No thanks, what a shit fucking story.
I have like 13x IQ, which means I'm in the 99th percentile. But there are people who are in the 99.99th percentile that run circles over me. I do get sad that I can't understand the universe like Neumann, Feynman, Boltzman, Landau did. It makes me sad that my work is meaningless compared to them. I don't advance the scientific knowledge of humanity. I just write will be outdated shitty software that fuel consumerism and make my corporation more money. I cope by just occupying my time with work and consuming media and information. I have a slight existential dred always hanging over me. It would probably consume me when I get old and crippled and my days are numbered.
just be a pseud for the pleasure of it. doing something noteworthy is a narcissistic fantasy rather than a sign of how much you appreciate knowledge.
>I recently found out my female coworker, mid 40's, has a 147 IQ. She has an incredible memory, obscene attention to detail, was a unix admin for most of her career making $80k without blinking an eye and... now she doesn't give a shit about any of it. She just wants to work part-time, travel with her friends and take care of her mom.

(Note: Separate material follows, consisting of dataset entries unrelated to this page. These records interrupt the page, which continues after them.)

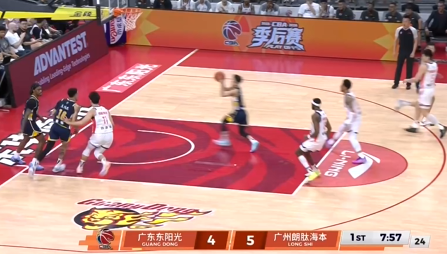 吕俊虎压哨打板三分命中,青岛首节20-22落后北京
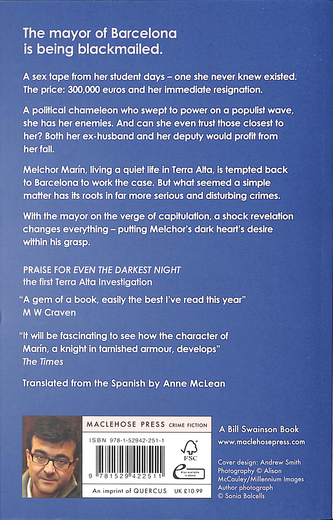 Nor can she trust those closest to her. Both her ex-husband and her deputy would profit from her fall. Melchor Marín, living a quiet life in Terra Alta, is tempted back to Barcelona to work the case.
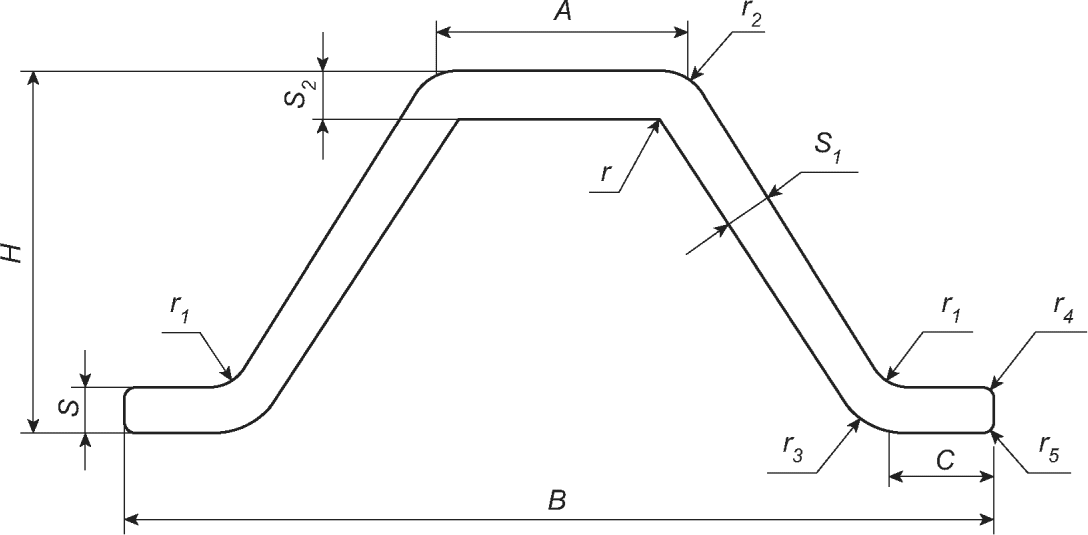 Примечание - Радиусы притупления острых кромок (r3, r4, r5) должны соответствовать требованиям ГОСТ 8617, ГОСТ 19657. | ||||||||||||||
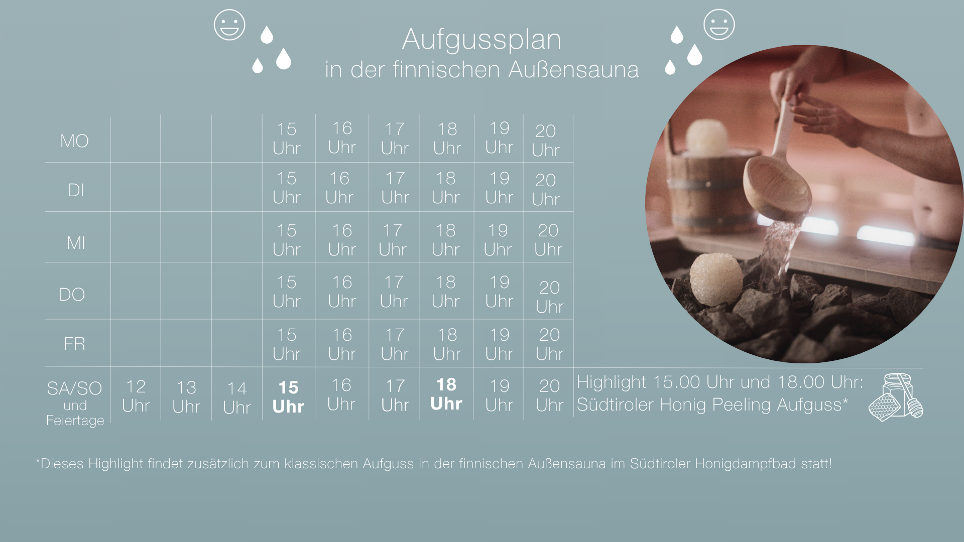 Wenn du jetzt das Gefühl hast, dass du dahin musst, kannst du hier schon mal den aktuellen Aufgussplan checken.
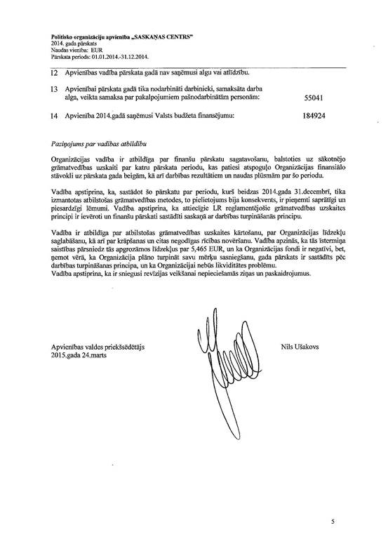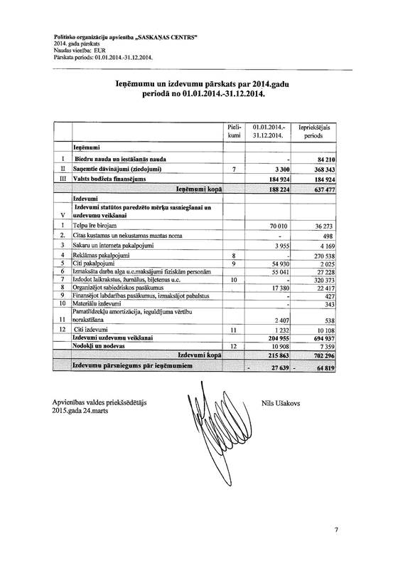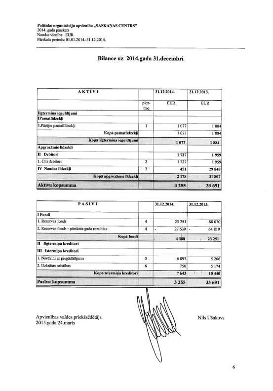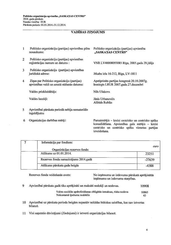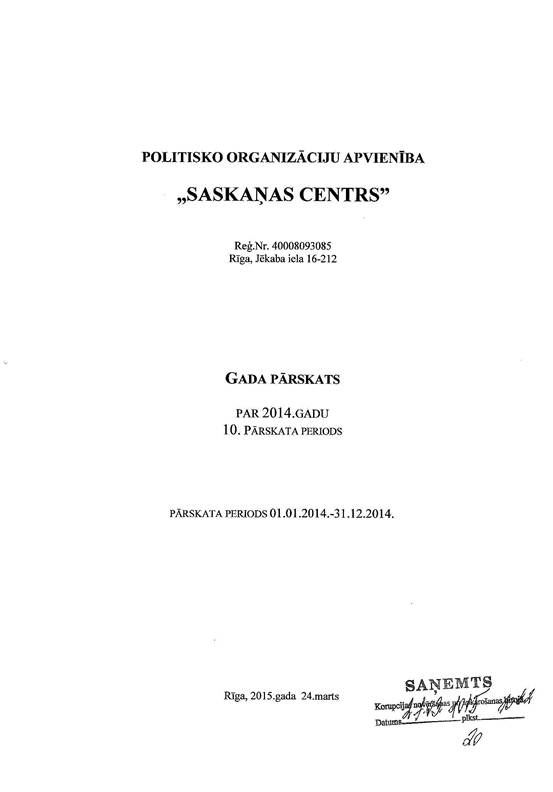 Politisko partiju apvienības "Saskaņas Centrs", reģ. Nr. 40008093085, gada pārskats par 2014.gadu
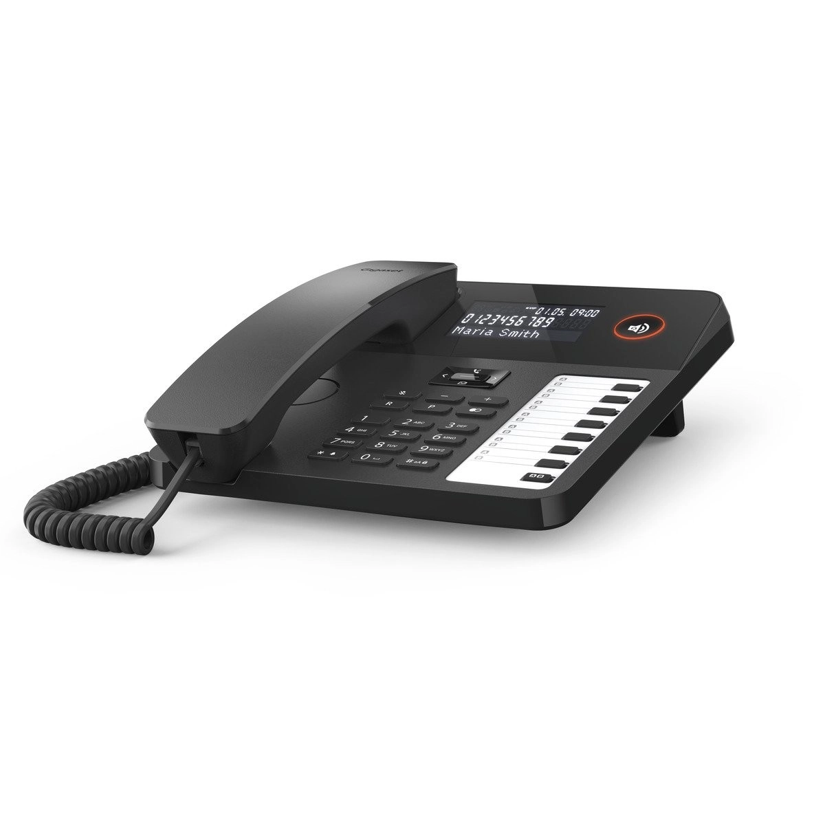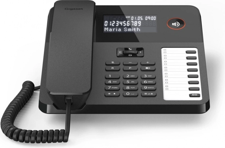 Telefonul Gigaset Desk 600 este alegerea ideală pentru utilizare atât acasă, cât și la birou. Datorită ecranului LCD iluminat pe trei rânduri, telefonul afișează informații despre apel, precum ora, numele, numărul sau statutul VIP al apelantului. Ecranul principal afișează data, ora și ziua săptămânii.
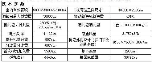 如下圖該設備以拋丸清理為主,并有能升降的噴丸機構,對工件內腔補充清理,適用于水泵、汽輪機、機床、電機、化工機械、建筑機械等行業中大型鑄、鍛、焊接件的表面清理和強化。
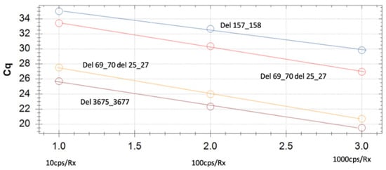 To confirm the nature of the variants identified by our assay, samples were analyzed by sequencing. An overall agreement of 98% was recorded between the sequencing and PCR results. In particular, 100 samples showed a sequence compatible with deletions 69–70 (Alpha variant), eight samples were confirmed as Beta and four as Delta. Two hundred samples, without deletions 69–70 and showing the FAM signal, were classified as positive for the Omicron variant. Mixed electropherograms with overlapping peaks were observed in ten samples. Finally, the remaining 78 samples did not show deletions or relevant mutations when compared with the wild-type strain. Figure 1 reports sequences of a variant with a 69/70 and 3675/3677 deletion, while Figure 2 shows a mixed electropherogram. The latter was likely due to the presence of two viral genomes simultaneously in the same samples. The possible presence of two different lineages was also reported by Benites et al. and by Richard L Tillett et al. [3,30]. Table 2 reports the interpretation of the results of our assay. It must be considered that the presence of the variant was ascertained by comparing the signals registered in the different channels (FAM, ROX, Cy5, Cy5.5) after the amplification assay. In fact, the Alpha, Beta, and Gamma variants have the deletion on ORF1a in common, while deletions 69–70 are only present in the Alpha variant, and deletion 25/27 is present in Omicron. Deletion 241/243 characterizes the Beta variant. Thus, if in our assay there were signals for two fluorophores (TX RED, CY5.5) (identifying deletion 241/243 as well as 3675–3677), it would mean that the Beta variant was present. Otherwise, in the presence of a unique signal for the fluorophore (Cy5) (157/158 deletion), we can conclude that the sample is positive for the Delta variant. A combination other than those described may indicate a new mutation or a coinfection of several variants. The sensitivity and specificity of our test are reported in Figure 3 and Figure 4, respectively. No cross-reaction has been recorded (Figure 3) while the sensitivity is equal to 10 reaction copies (Figure 4).
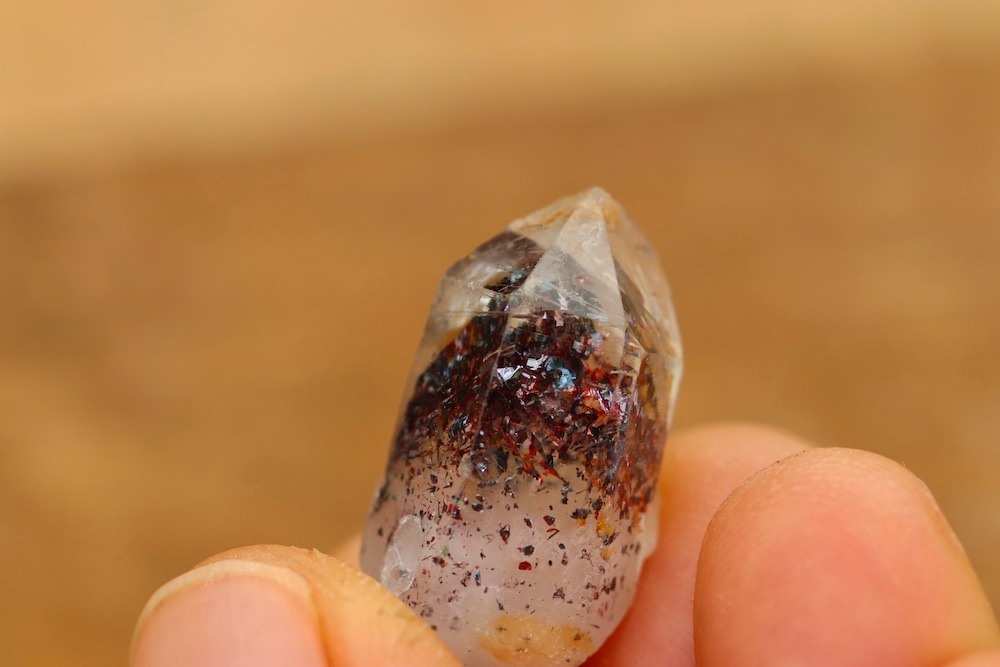 燃えるような印象的な赤色のレピドクロサイトが透明度の高い水晶の中からくっきりと覗けます。
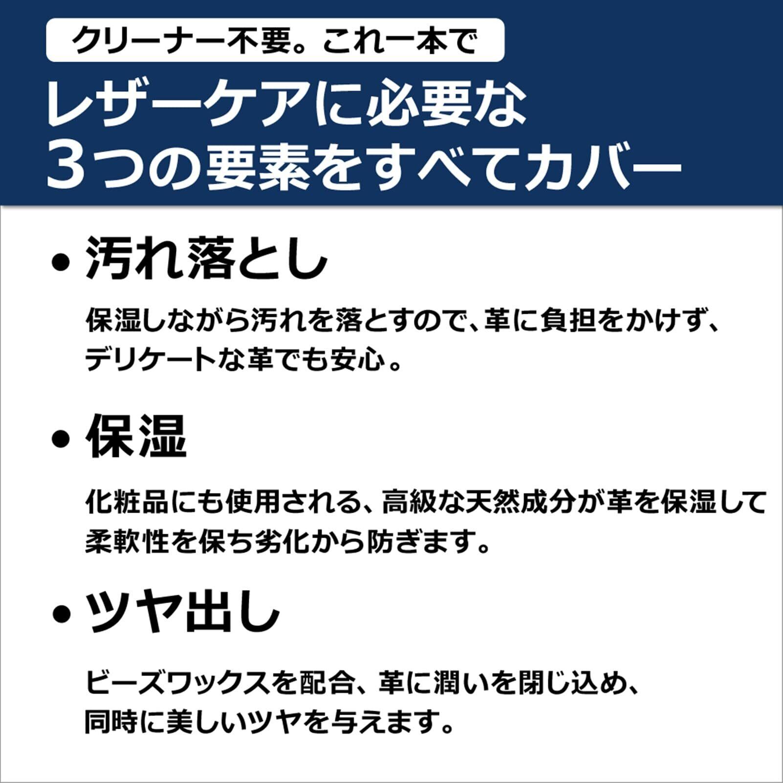 【あらゆる革製品のお手入れはこれ1本でOK!】レザーバッグ、財布、ベルト、革靴、革ジャン、ソファ、レザースニーカーなど汚れ落とし、保湿、ツヤだしまでお手入れの全てがこれ一本でできる、オールインワンのレザーローションです。

Success is perfectly and inescapably relative. You need to work on uncovering all the dark parts of your heart so you can do what really makes it happy.
>Pic related: doesn't even know how to read music.
But now he writes racist posts on Facebook.
pic related couldn't read music either
>Even geniuses shitpost
Truly a sport for gentlemen.
Clinically tested IQ of about 135-145 here. I'm a failure and want to kill myself and I am bad at everything while also somehow being great at everything I actually set my mind to. It's awful.
138 here. I honestly feel more impressed with the 110-120's in my life than with most of the geniuses.
>I took a borderline pseudo-science online iq test, its so depressing being smart!
you're a retard user
110-120 IQ means you are clever but not so smart that you can't properly function. My parents and sister are in that range and have great careers and personal lives while I am apparently higher and a complete failure. However, they're all also rampant alcoholics who need to drink to function a lot of the time, so make of that what you will.
it's even worse, i have a below average IQ and suck at video games
I'm barely room temp iq. Much better to be smart than anything else.
>unironically believes that IQ means jack shit
some of the biggest retards to ever grace the earth are rich, powerful, and famous, if not the majority. Don't let a subjective measure of something nobody can even see control your life. There's a big difference between being smart and being wise.